March 7, 2013

Moo's Got Talent! I Got Nothin'.


Disclaimer 1:  I really hate disclaimers at the beginning of blog posts.
Disclaimer 2:  I wrote this post months ago and felt so terrible that I couldn't publish it.  However, in the interests of trying to post more frequently, cleaning out my drafts and being honest here, I have decided to kick this baby out of the nest.

Tonight I live up to my blog name.  Tonight I was ultra, crappy-ass, NOT-super-mom.  At bedtime Moo says "You know America's Got Talent auditions are coming to our area, right?"  Uh, no, but thanks for the info??  Actually I said exactly--nothing.

I had no idea what to say.  How can I explain to my somewhat shy and fairly intelligent daughter that this is just not something that she needs to partake in.  And furthermore, WHY?!?!? (I scream in my head) do I even NEED to explain to her that it is just completely outside of the realm of possibility that she would ever be on that show?!?  I know, I know, crappy-ass, not-so-super mom here, (remember what you're reading). I should be encouraging and finding ways to fire up her imagination and--I just couldn't do it.  I didn't have the patience or the imagination myself to come up with anything that wasn't precisely just shitty.  Shitty.  

I was like, "I really don't want to discourage you, but you do understand that these people are competing for a show in Las Vegas, right?  I mean, they are doing magic and acrobatics and laser shows." (Sometimes all in the same act.)  Moo, "Yeah, I know.  That's why I have to come up with something really amazing."  I should be proud, I really should, but I just find it stupefying that she thinks she can do anything that would get here near that show.  And I feel like a crappy-ass super dream-crusher.  

Here's the irony of it all--I was a theatre major in college.  I should be the one encouraging her yearnings to perform and finding an outlet for some of her dream-chasing.  We did do a Christmas play last year and I did sign her up for Stage Camp this summer.  But I am also living in East Bumblestick PA.  Not the Big Apple, not LA.  I did not move to the city so many moons ago, because I was not ambitious or driven enough to chase those dreams myself.  My degree is in Technical Theater because that was the "practical" choice, but even the "practical" choices in Theater are really still require a drive and ambition I just don't seem to possess.
........

I still feel guilty reading this.  What I should possess is the selflessness and encouragement of a mother who wants her child to dream big dreams and follow them, but that feels a little foolish and, well, impractical.  I want to be encouraging and inspiring but usually my more realistic side wins.

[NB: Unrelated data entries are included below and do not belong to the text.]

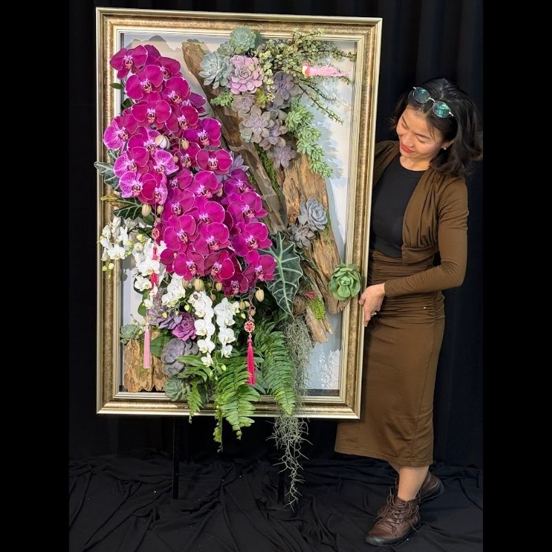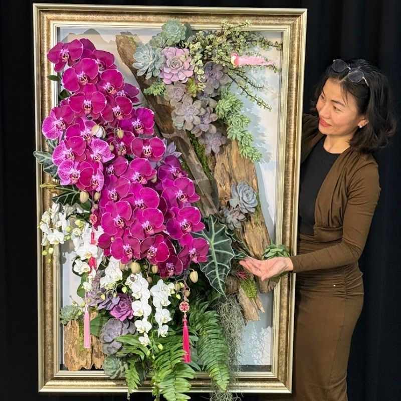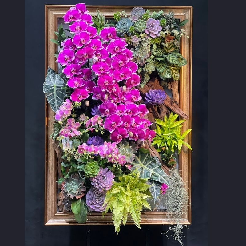 Bố cục “Tranh Trong Tranh”: Toàn bộ hệ sinh thái hoa lá được đặt trang trọng trong một khung tranh gỗ mạ vàng cổ điển. Cách thiết kế này biến những cành lan trở thành một tác phẩm điêu khắc sống động, có chiều sâu và sức sống mãnh liệt.
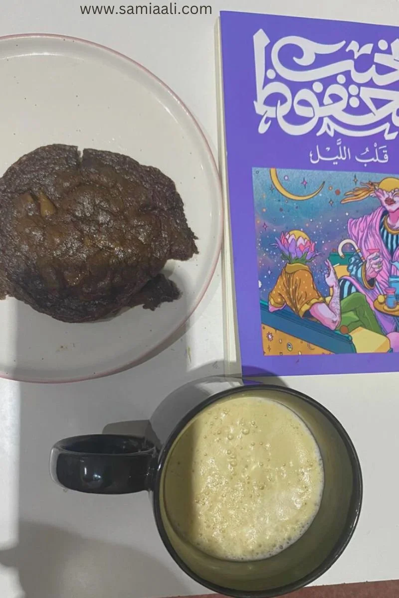 هاليومين احس بس نفسي بكوكيز بالشكولاته سويته بس ايش بالعاده انا اوزنهم على الميزان برقم واحد عشان يكون شكلهم متناسق وشكل واحد. بالعاده الوحده يكون وزنها ٤٥ جرام تقريبا لكن هالمره مالي نفس ولا خليته يخمر لليوم الثاني فسويتها ٥٠ جرام ونسيت ابعدهم عن بعض كويس فا التصقوا ببعض وصار شكلهم كبير ومسطح ماعجبني الشكل .ولما ذقتها ماعجبني الطعم بالبدايه بس قلت مو مهم المهم عندي اني اكل كوكيز. فا كانوا دافيين قمت حطيت اثنين على بعض ولصقوا في بعض وماركزت وما قدرت افصلهم خلاص قلت كملت بس والله مو هامني ههههههه عشان كذا شكلهم غريب في الصوره. المهم انا ما قراءة فاليوم بخلص الروايه هذي ان شاء الله. انا عندي رف للكتب صار له سنه ماني عارفه اعلقه على الجدار لانه يحتاج دريل اشتريت واحد من موقع لما جاني طلع دريل استعمال خفيف مو للجدران والرف من يومها جالس. كان عندي امل لما جبته احط فيه الكتب لان ماعندي مكان زيادة لها وحاطتها بصناديق وفي بعضها اشتريتها ونسيت حتى اقرائها يعني لو تكون قدامي كان عرفت ايش عندي من كتب. أتمنى لو كان عندي مكتب واحط فيه مكتبه للكتب وارتبها على حسب نوعها ، واحط فيه جلسه للقراءة والتفكير والتأمل
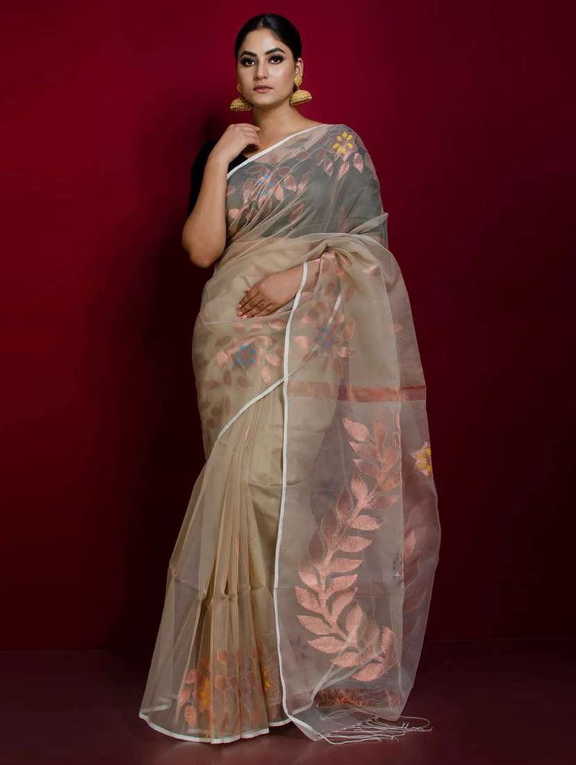 - » women beige self design jamdani saree
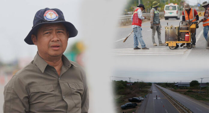 Battambang: On the afternoon of April 28, 2026, Mr. Puk Riththa, Director of the Department of Public Works and Transport of Battambang Province, visited to inspect the progress of work on the highway section, which is the most dangerous area.
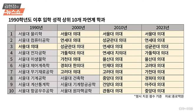 ◇ 김현정> 우리 현실을 좀 들여다보자면 의학이 중요하지 않다. 의대는 별거 아니다. 이런 이야기를 하는 게 아니라 의학도 가고 공학도 가고 법학도 가고 경영학도 가고 예술 계열도 가고 골고루 발전이 이루어져야 되는데 우리는 지금 너무나 비정상적으로 공부 잘하면 무조건 의대 그 아이의 성향이 어떻든 그 아이가 무슨 꿈을 가지고 있든 그냥 한곳으로 쏠리고 있다는 것, 의대로 쏠리고 있다는 것. 그러면서 국가 경쟁력이 떨어지고 있다는 게 이게 문제인 것 같은데요. 지금 상황이 어떤지를 저희가 도표로 좀 보여드리겠습니다. 1990학년도 이후 그러니까 90년대 이후 입학 성적이 좋은 학생들의 이제 지원 학과를 이렇게 도표로 만들어 놨더라고요. 성적 지상주의라고 하실지 모르겠습니다만 이렇게 봐야 우리가 한눈에 어떤 쏠림이 이루어지고 있는지를 볼 수 있어서 저희가 도표를 한번 가져와 봤습니다. 종로학원의 자료고요. 1990년에는 그 학과의 입학 성적을 순위로 매겼을 때 1위가 서울대 물리학과, 2위가 서울대 컴퓨터 공학, 3위가 서울대 의대, 4위가 서울대 전자공학, 5위가 미생물학, 6위가 제어계측학 이런 식으로 물리학이 1위예요. 물리학이 1위고 나머지는 다 공학이고 3위가 의대 이런 순서였어요. 그런데 2023년으로 가보겠습니다. 2023년으로 가보니까 1위 서울대 의대, 2위 연세대 의대, 3위 성균관대 의대, 4위 카톨릭대 의대, 5위 울산대 의대, 6위 고려대 의대, 7위 가천대 의대, 8위 경희대 의대, 9위 아주대 의대 10위 중앙대 의대. 1위부터 10위까지 중에 의학과가 아닌 게 1개도 없어요, 1개도 없어요. 교수님, 저도 깜짝 놀랐어요. 이거 아마 11위로 내려가도 지금 11위까지는 안 보이는데 11위, 12위, 13위 다 의대일 것 같은 느낌이 살짝 들어서 좀 겁이 나네요.
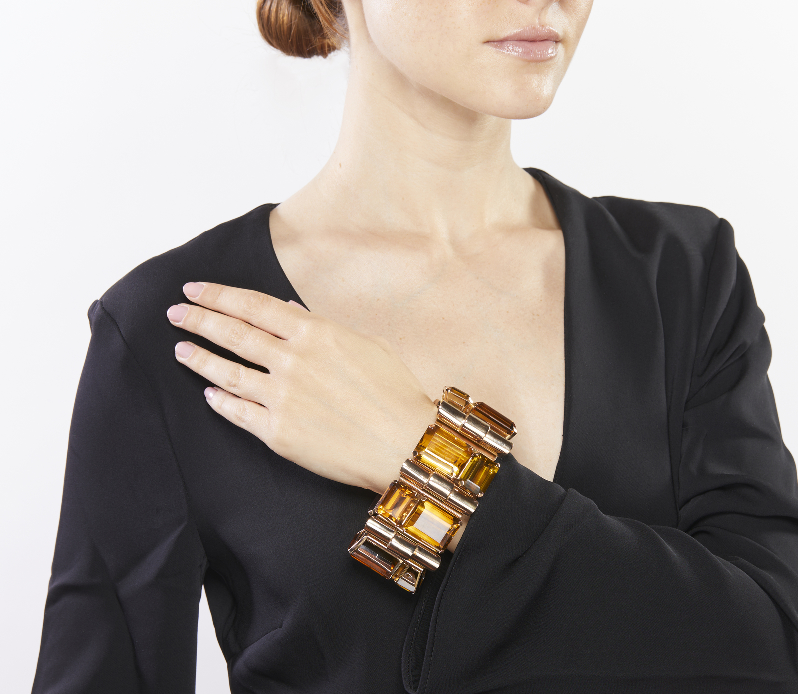 - Bracciale in oro rosa 18k con quarzi citrini.
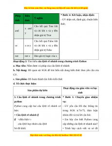 - Viết được câu lệnh rẽ nhánh trong Python.
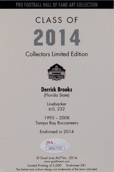 This is a hand autographed Goal Line Art Card of Derrick Brooks of The Tampa Bay Buccaneers. This item has a James Spence Witness Authentication, which comes with a JSA numbered sticker and a matching JSA Certificate of authenticity. You can view this item on the SpenceLOA website. It was signed either at a public autograph appearance or a Private Signing. This is a stock photo of the item. Although you may not receive this exact item, the item you receive is virtually identical and brand new in great shape. This is a hand autographed Goal Line Art Card of Derrick Brooks of The Tampa Bay Buccaneers. This item has a James Spence Witness Authentication, which comes with a JSA numbered sticker and a matching JSA Certificate of authenticity. You can view this item on the SpenceLOA website. It was signed either at a public autograph appearance or a Private Signing. This is a stock photo of the item. Although you may not receive this exact item, the item you receive is virtually identical and brand new in great shape.
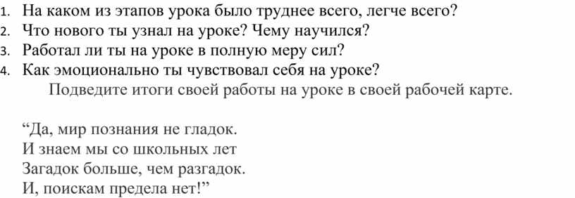 Подведите итоги своей работы на уроке в своей рабочей карте.
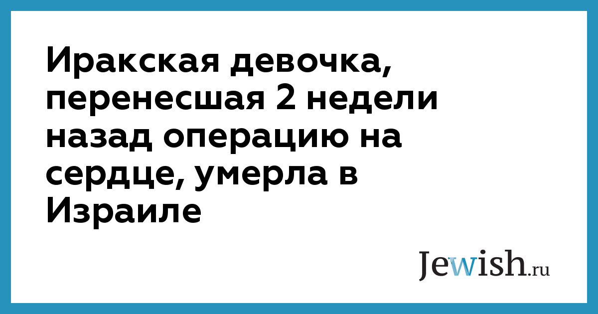 Иракская девочка, перенесшая 2 недели назад операцию на сердце, умерла в Израиле

And honestly I feel like it's a daily battle when Disney and Nickelodeon try to make these child stars seem so down-to-earth and real to our kids.  I mean, of course they are real people, but their lives are not "real" in the grand scheme of our daily living.  It is just NOT typical to have a successful acting/singing career in your tween and teen years.  They would not have our children think so.  It's like something else you can simply choose to do, like joining the soccer team or playing an instrument.  THAT is what bothers me.  Are those kids talented?  Sure. (Mostly, I think.)  But I don't think those companies/networks properly convey how unique their lifestyles are.  This is why American Idol has weeks of "audition" episodes--because anyone and everyone thinks they can just do it because they want to.  Not necessarily because they are talented enough and/or trained hard enough to do so.

And anyway, that's entirely NOT the tangent on which I wanted to fly off.  My whole point here is that I feel like an abysmal failure as a mother, to not be lifting up my wonderful daughter on a cloud of her dreams when all I can think about is that clouds aren't solid and she'll likely come crashing through and down to the ground sooner rather than later.

And the fact is I think she is so truly wonderful.  She is very smart, gets along well in school, plays clarinet like a boss (which is simply amazing to me since I can't read music to save my life--I may as well be reading Chinese) and she is a Girl Scout (and a much better one than I was).  She's even in another play right now.  She is AWESOME. I am amazingly proud of her.  And there are no acrobatics, magic or laser shows that can beat that.